Exercise aim: With the pictures removed, reproduce exactly the lines from the one that contains "Via de entree" through the last line of the entries below.

━━━ Dataset entries

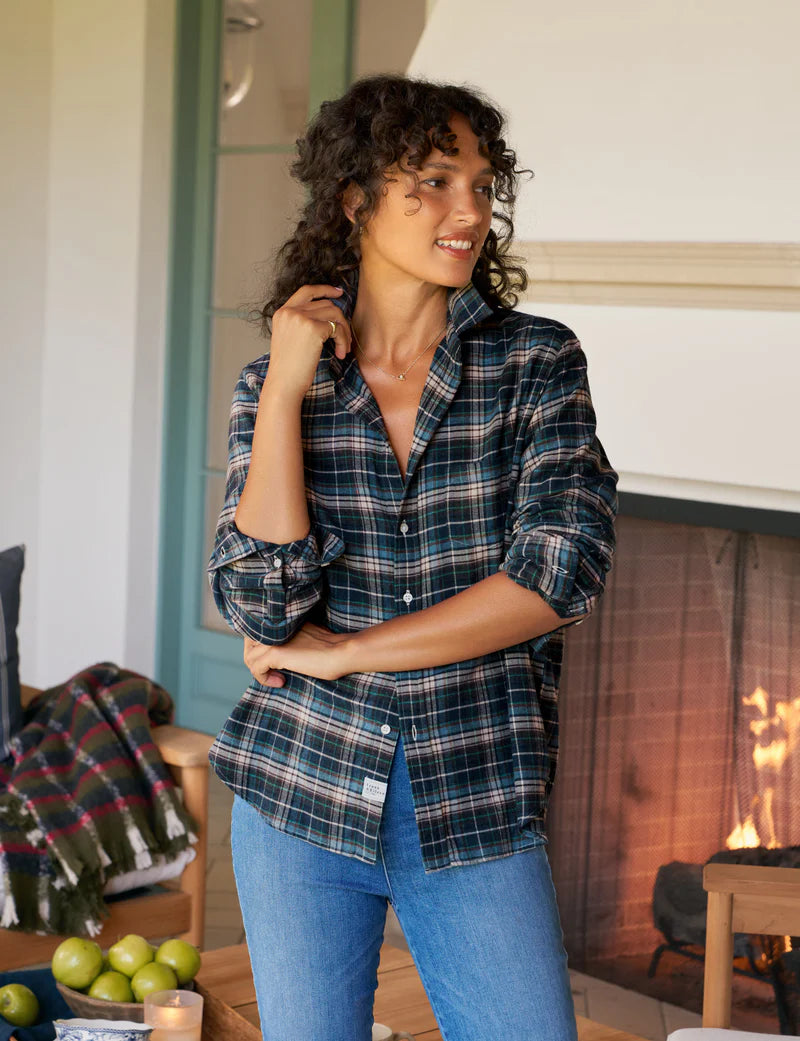 Eileen Relaxed Button-Up - Grey Yellow Blue Plaid
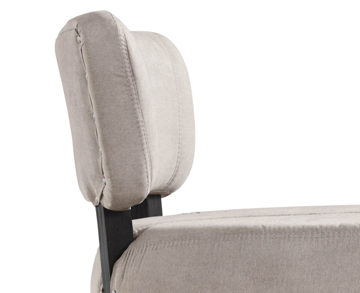 Banqueta baja fabricada en madera maciza tapizada en tela Sunny Antimanchas. Variedad en colores.
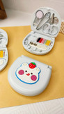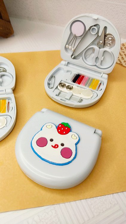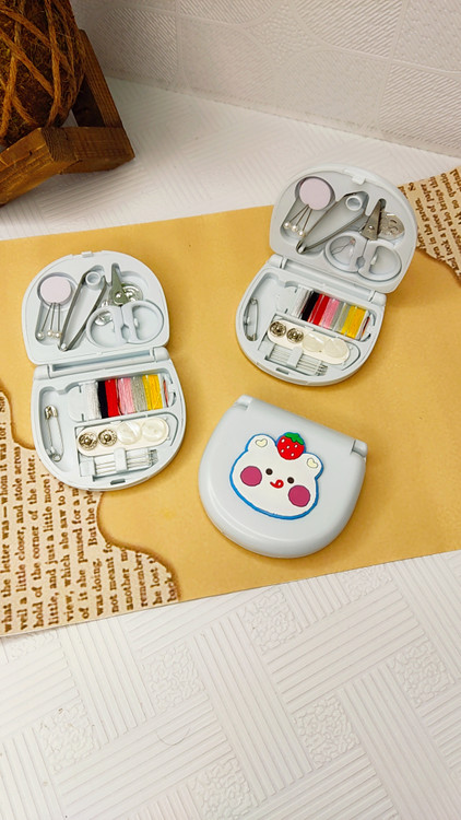 این کیت شامل چند رنگ نخ ،سوزن خیاطی ،سنجاق ،سوزن ته گرد ،پنس ،قیچی، دکمه معمولی ،دکمه جفتی ،سوزن نخ کن
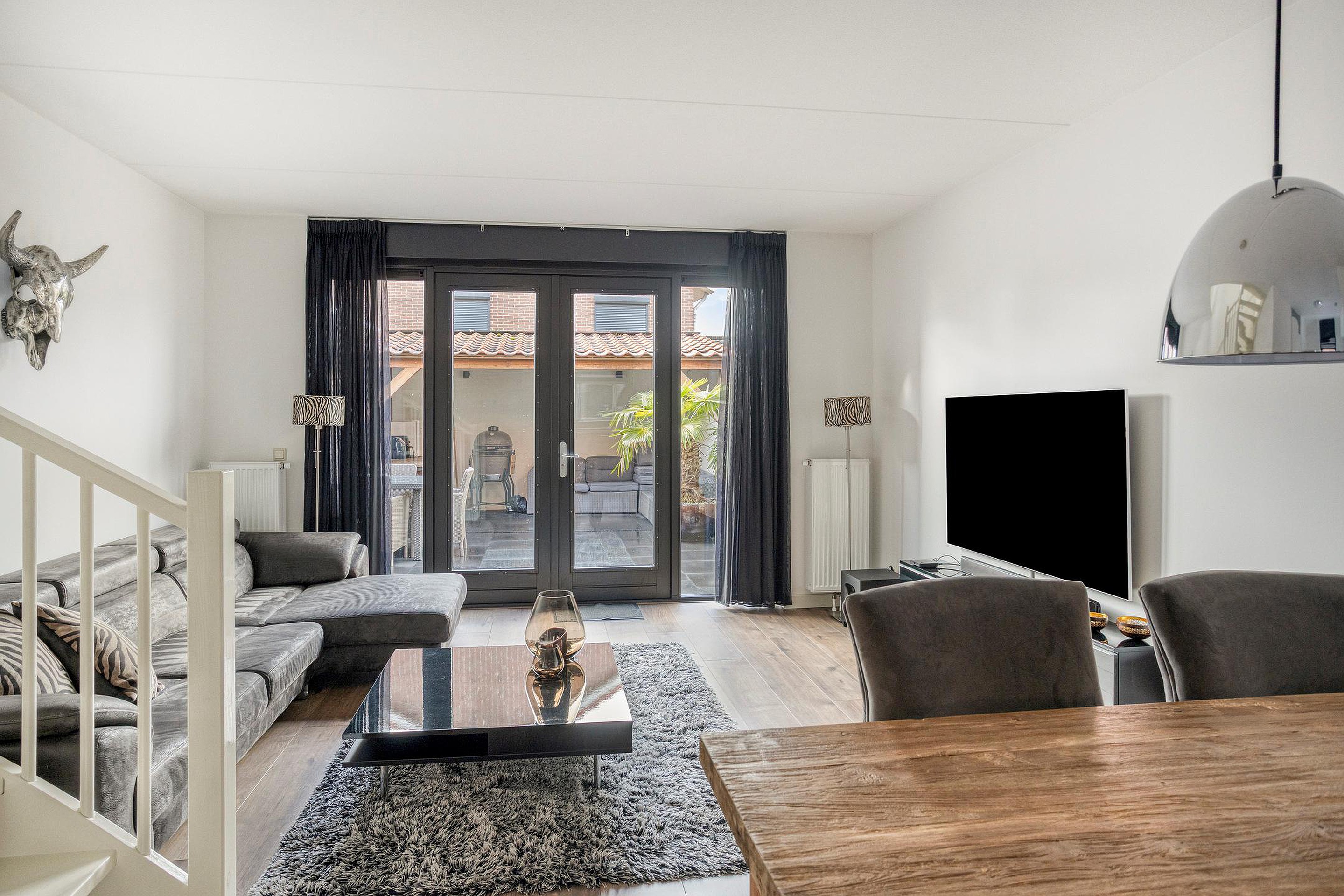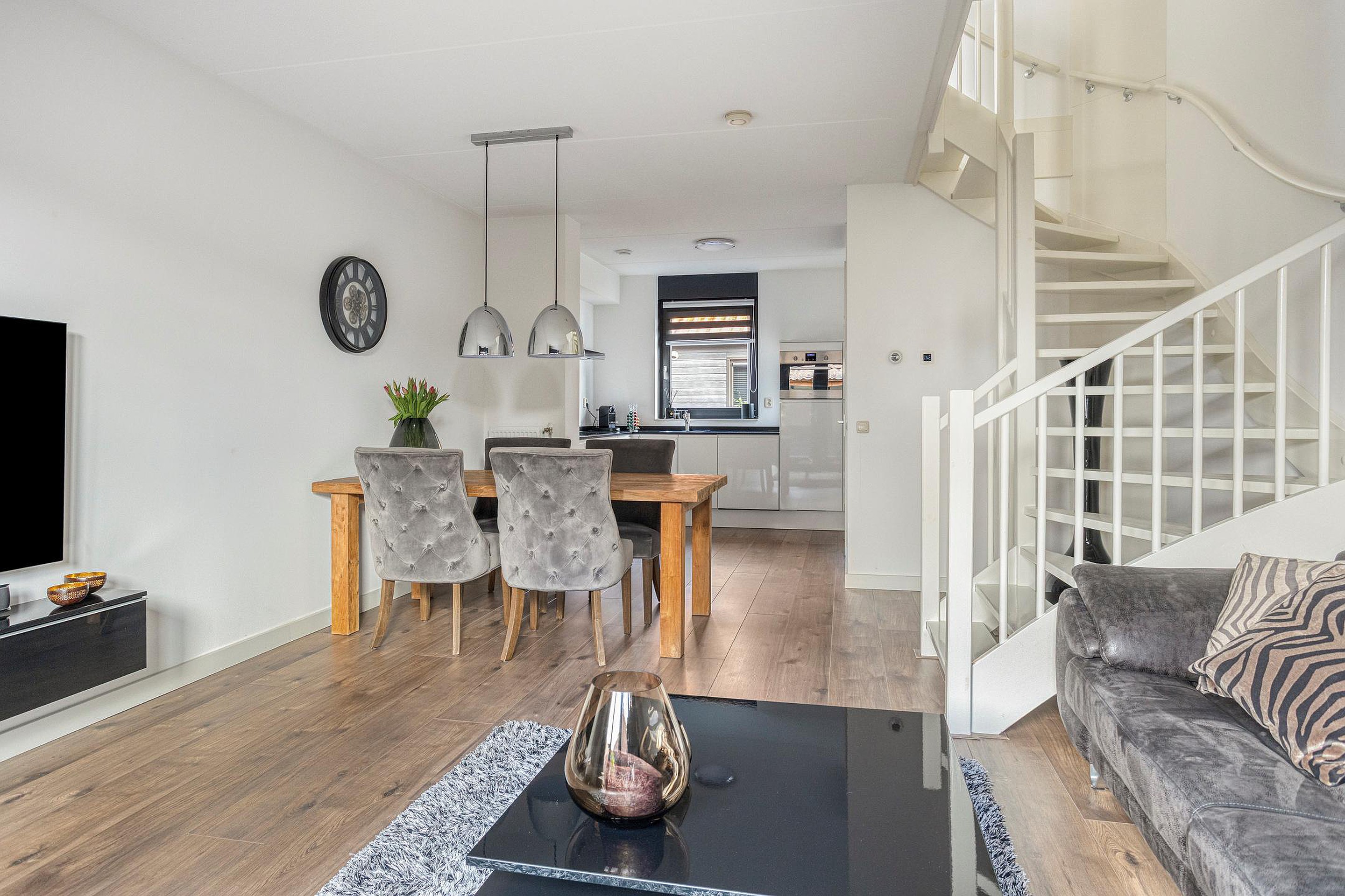 Via de entree komt u binnen in een nette hal met meterkast, modern toilet en toegang tot de woonkamer. Wat direct opvalt, is de doorlopende opzet van het leefgedeelte. Dankzij de raampartijen aan voor- en achterzijde valt het daglicht prettig binnen, waardoor een lichte en aangename sfeer ontstaat. De woonkamer beslaat vrijwel de volledige diepte van de woning en biedt moeiteloos plaats aan zowel een comfortabele zithoek als een royale eettafel. Openslaande deuren aan de achterzijde versterken de verbinding met de tuin en zorgen ervoor dat binnen en buiten op natuurlijke wijze in elkaar overlopen.
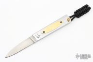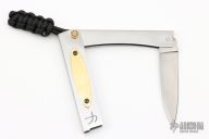 This Tri-Folder by Fred Perrin features a satin finished blade. The handle is two pieces of stainless steel the the blade folds into, textured brass overlay. Comes with a black leather slip sheath. New from maker.
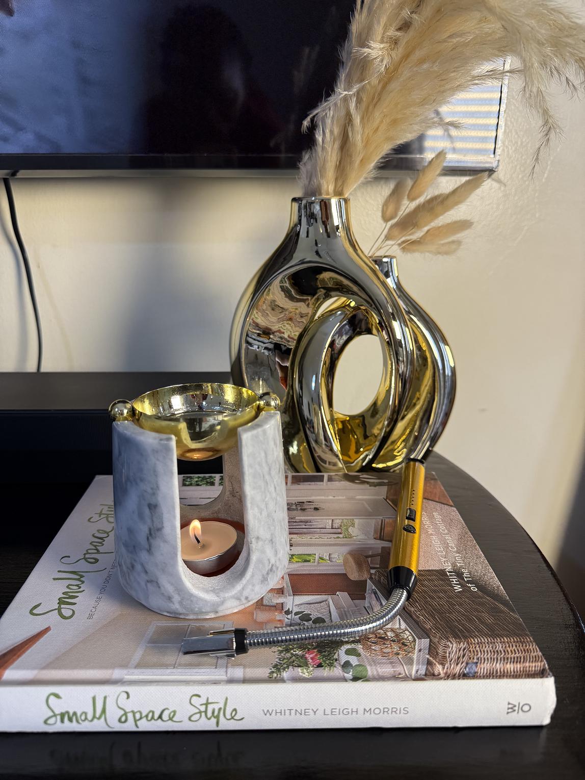 Heavy marble was melts or oil burners. Real marble cylinder with gold coated burner bowl
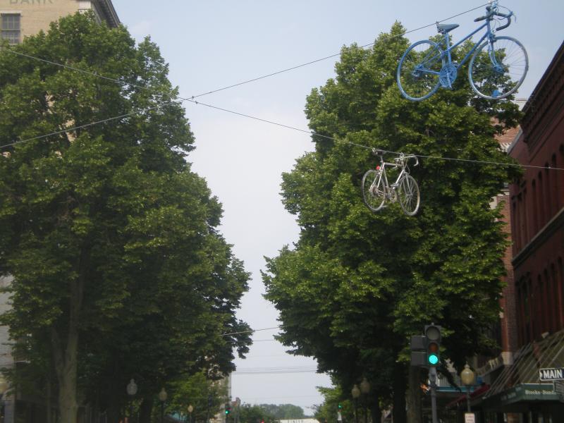 downtown race decorations, bikes, bits and pieces of bikes etc at each major intersection
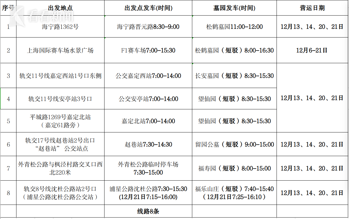 为方便市民冬至期间祭扫,从12月13日起,本市将开通8条冬至定点扫墓班车,具体线路营运安排见下图。

━━━━━━

Expected answer:
 Via de entree komt u binnen in een nette hal met meterkast, modern toilet en toegang tot de woonkamer. Wat direct opvalt, is de doorlopende opzet van het leefgedeelte. Dankzij de raampartijen aan voor- en achterzijde valt het daglicht prettig binnen, waardoor een lichte en aangename sfeer ontstaat. De woonkamer beslaat vrijwel de volledige diepte van de woning en biedt moeiteloos plaats aan zowel een comfortabele zithoek als een royale eettafel. Openslaande deuren aan de achterzijde versterken de verbinding met de tuin en zorgen ervoor dat binnen en buiten op natuurlijke wijze in elkaar overlopen.
 This Tri-Folder by Fred Perrin features a satin finished blade. The handle is two pieces of stainless steel the the blade folds into, textured brass overlay. Comes with a black leather slip sheath. New from maker.
 Heavy marble was melts or oil burners. Real marble cylinder with gold coated burner bowl
 downtown race decorations, bikes, bits and pieces of bikes etc at each major intersection
 为方便市民冬至期间祭扫,从12月13日起,本市将开通8条冬至定点扫墓班车,具体线路营运安排见下图。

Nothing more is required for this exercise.